Quaife captained Worcestershire for the first time in this game, as he was to do frequently later in his career. He was not at this point the regular wicket-keeper. That position did not fall to him until 1929, there then being no keeper already in the side,
though he did stand in two other matches in 1928.

From 1929 until the end of his career in 1937, Quaife was a regular in the Worcestershire side. His batting, said his Wisden obituarist, was "solid and consistent rather than brilliant",
but he still managed to pass a thousand runs for the season on two occasions, in 1933 and 1935, and to score two further hundreds. He made 107 against Middlesex in 1931, sharing a fourth-wicket stand of 277 with Harold Gibbons (183);
As of 2008 this remains the record Worcestershire partnership against Middlesex for any wicket.
He also struck 109 versus Leicestershire in 1935.

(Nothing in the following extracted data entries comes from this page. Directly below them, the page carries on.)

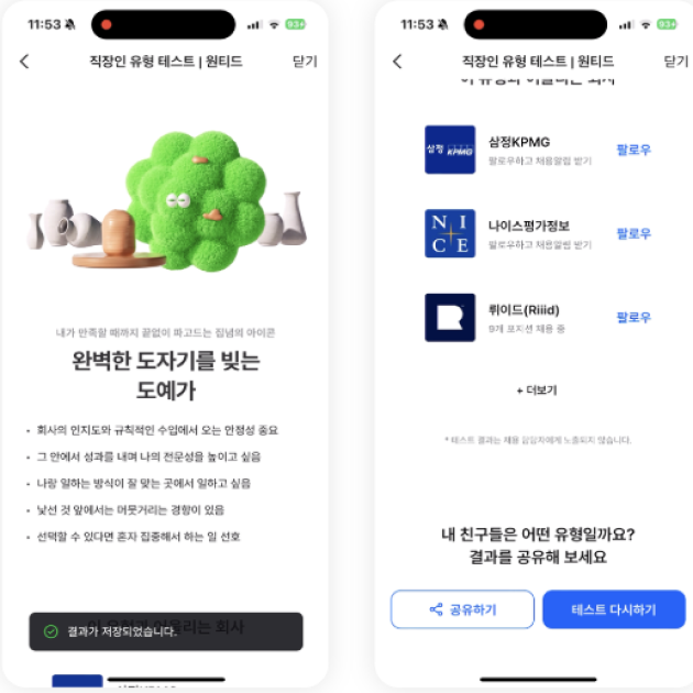 원티드는 취준생·이직 준비생의 호기심을 '직장인 유형 테스트 게임'으로 먼저 자극한 뒤, 게임 마지막 단계에서 자연스럽게 직무 공고 탐색으로 연결합니다. 가벼운 참여를 실제 탐색 행동으로 전환하는 이 흐름은 게임을 전환 진입점으로 활용한 전략이 눈에 띕니다. |
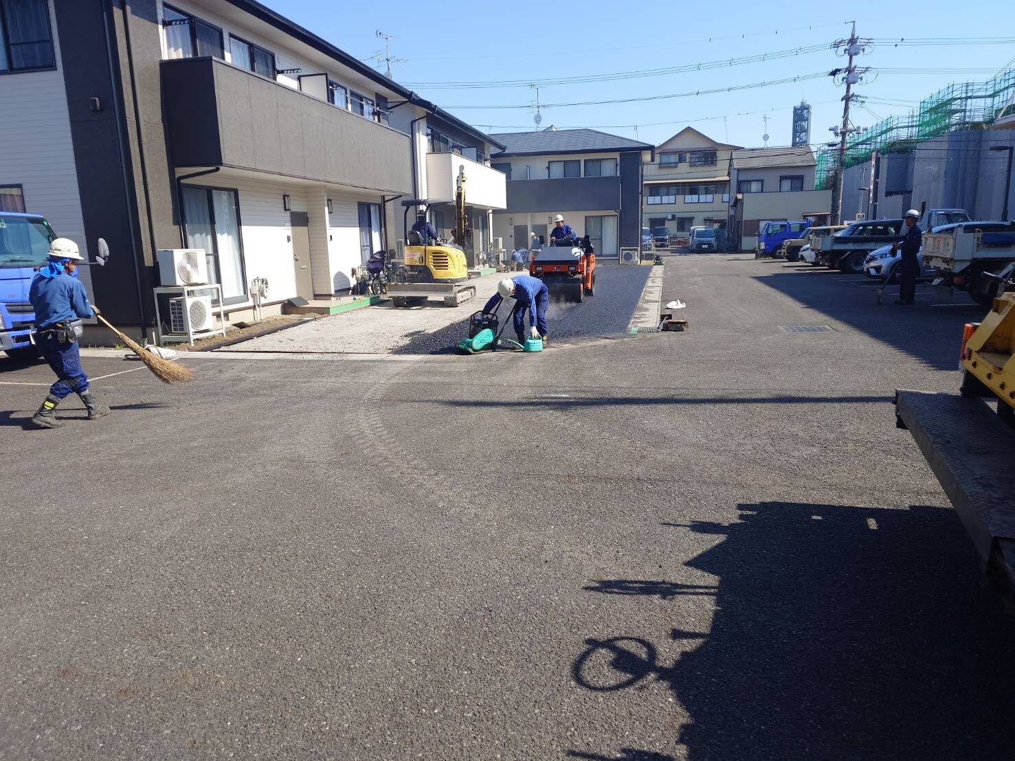 工事の内容 場所 静岡市駿河区 施工内容 アスファルト舗装駐車場工事 駐輪場サイドパネル設置 使用材料 築年数 工事期間 3日間 鋤取った土は、処分の金額を減らす為に敷地内の補修に使い、浸透性アスファルトで施工しました。 まだ、暑くないのでアスファルトの温度も早めに下がり予定通りに完了しました。 施工前 施工中 施工後
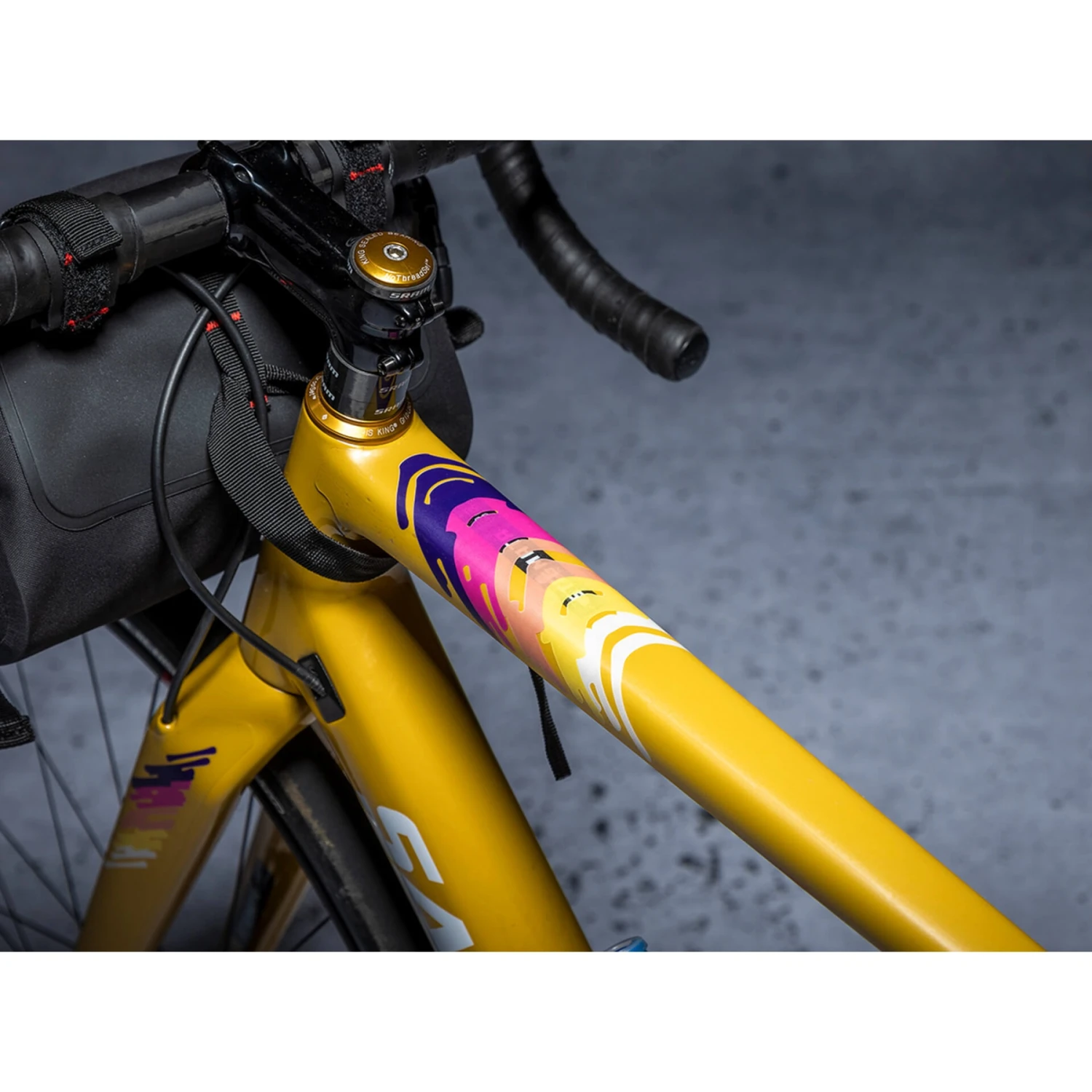 - Een speciaal gesneden patroon van plakfolies voor gravel bikes betekent minder afval en eenvoudiger montage – en de voordelen voor uw gravel bike zijn bescherming tegen klittenband/bagagebanden, kabelwrijving en schade door stenen en rotsen.
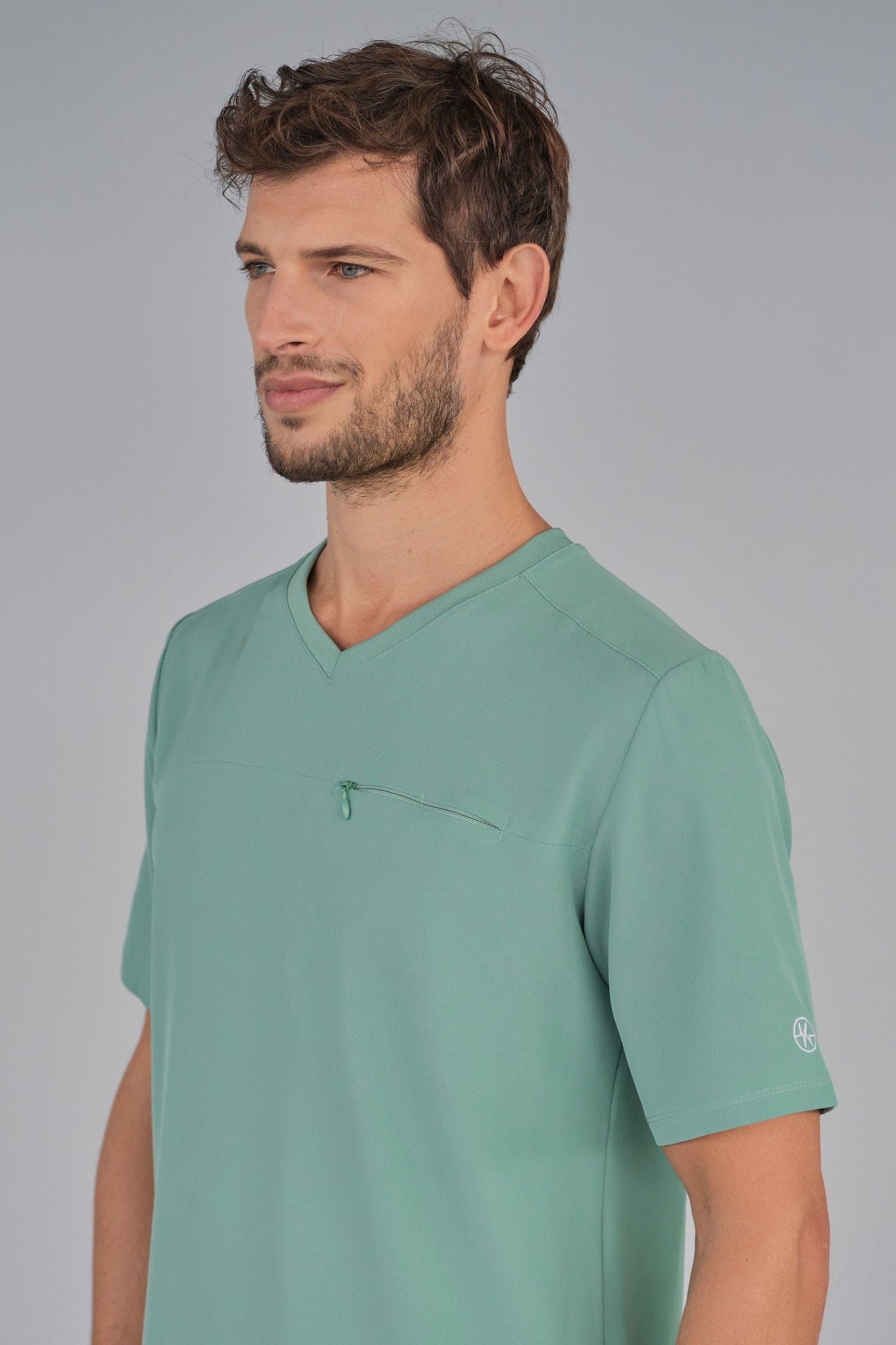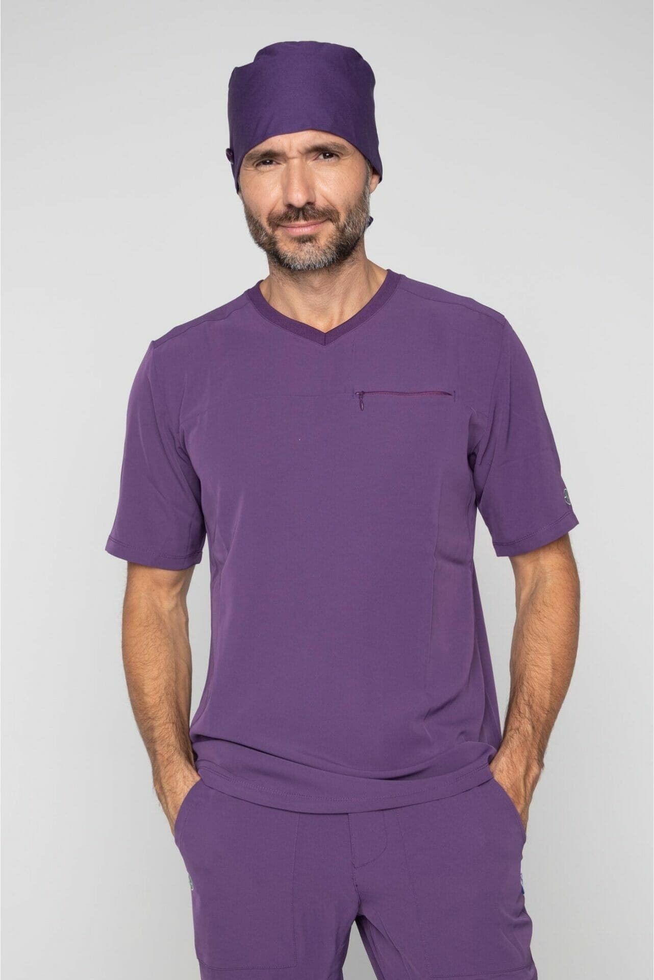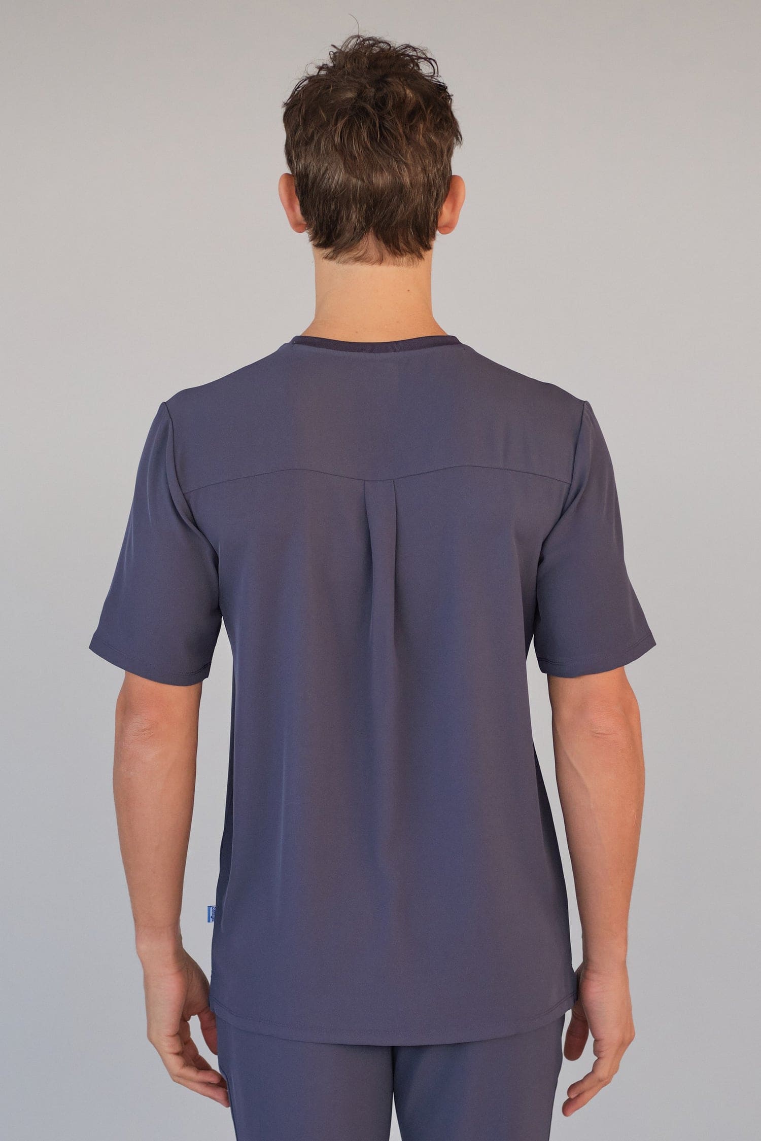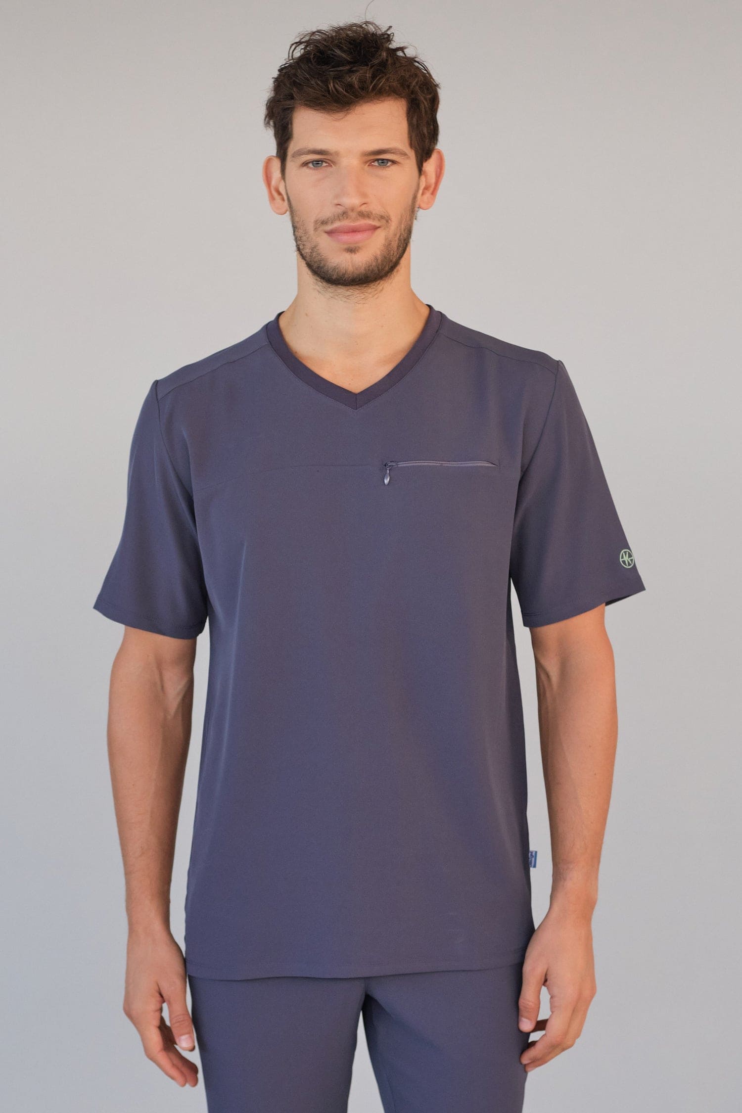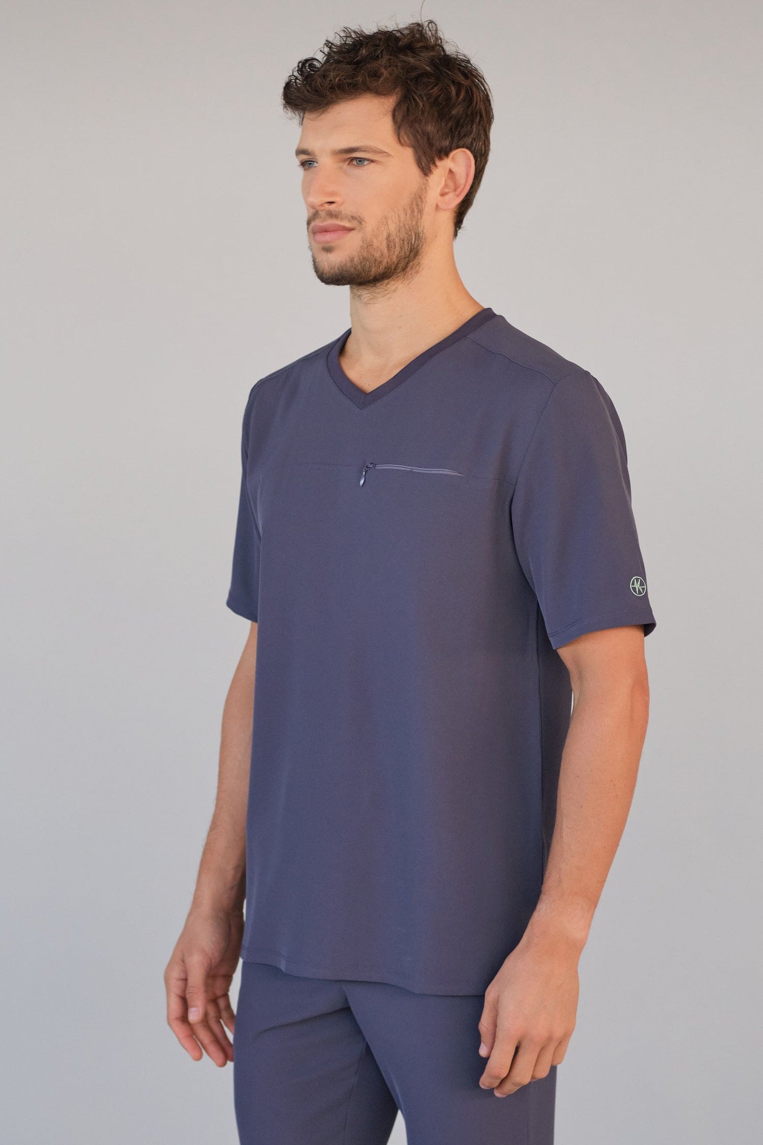 Kurzärmelige gerippte Herren-Tunika mit V-Ausschnitt aus innovativem 4-Wege-Stretch-Crêpe-Stoff, der einen modernen und eleganten Stil bietet. Der fließende, dehnbare und atmungsaktive Stoff garantiert maximalen Komfort.
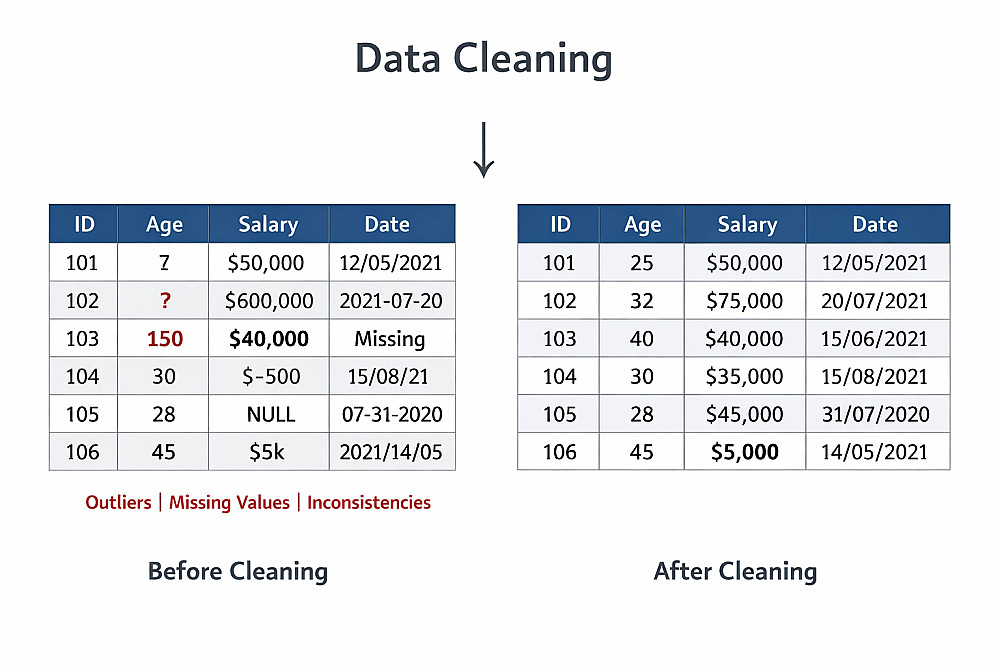 تنظيف البيانات من الأخطاء (Missing Values / Outliers).
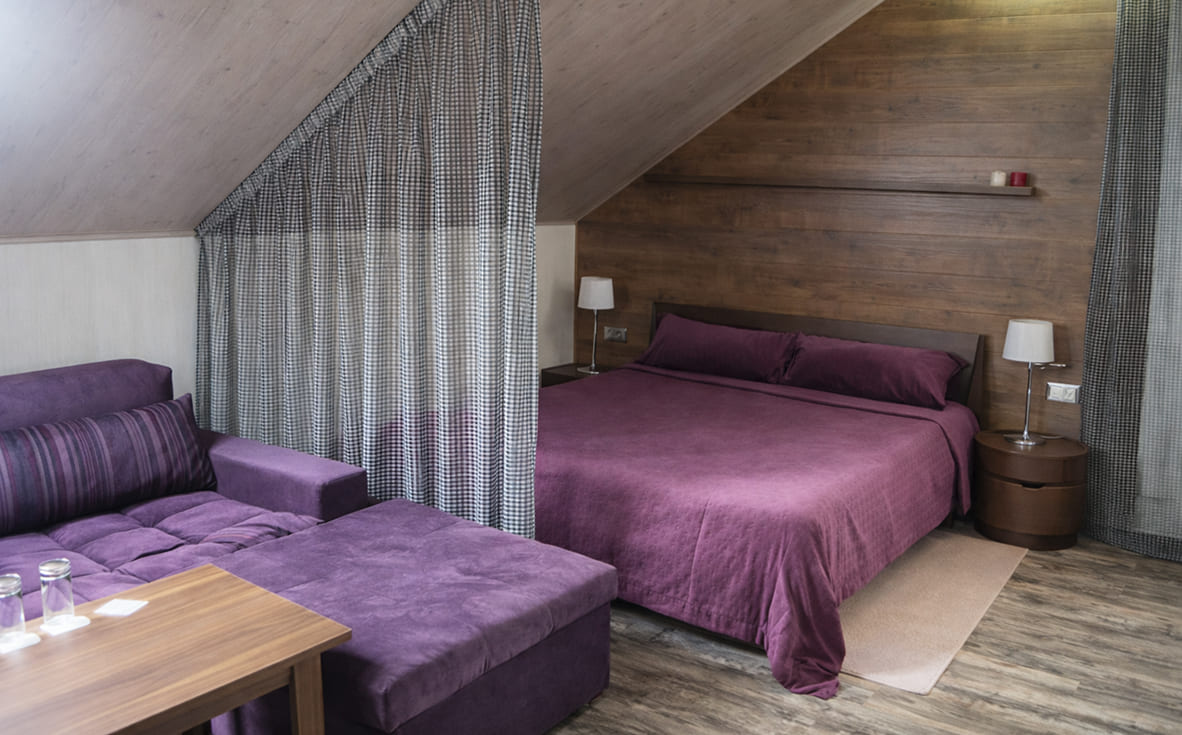 Номер класса люкс - очень просторный, уютный номер, на одного или двоих гостей, возможно два дополнительных размещения. С панорамным окном на небо. Состоит из прихожей, спальной комнаты, рабочей зоны, места отдыха, совмещенного санузла и гардеробной.
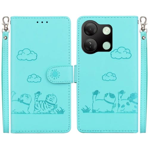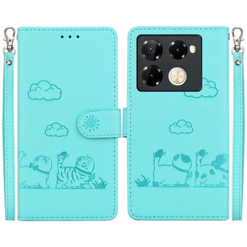 Funda de Cuero con Relieve de Gatito para Infinix Hot 30 Play NFC con Cordón (Verde Oscuro)
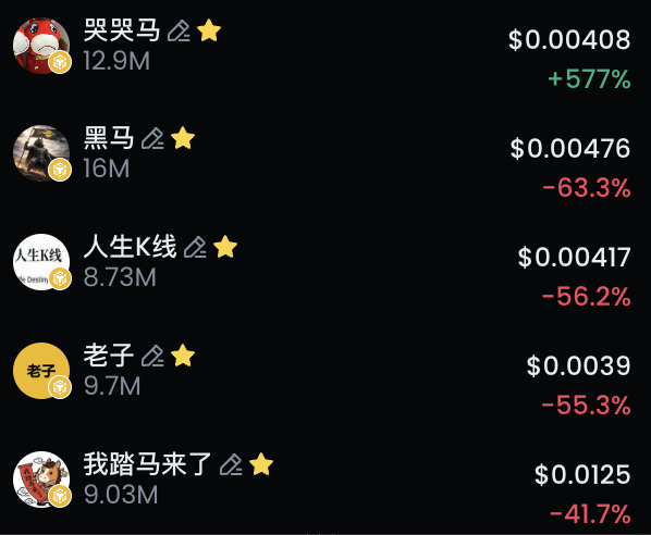 中文Bsc是主场,$币安人生 上了币安现货, $哈基米 $恶俗企鹅 $客服小何 $修仙 $我踏马来了 也受到币安认可,这几天还有一些表现不错的比如: $老子 $人生K线 $草根文化 等

By 1937, Syd Buller had taken over behind the stumps for Worcestershire, and Quaife was coming under pressure from other, younger players. He retired at the end of the season, although he acted as captain for a large number of games in the absence through illness of usual captain Charles Lyttelton for most of the summer.

Apart from his Test-playing father, Quaife had one other notable cricketing relative: his uncle, Walter Quaife, played over 200 first-class games, mainly for Sussex and Warwickshire, between 1884 and 1901.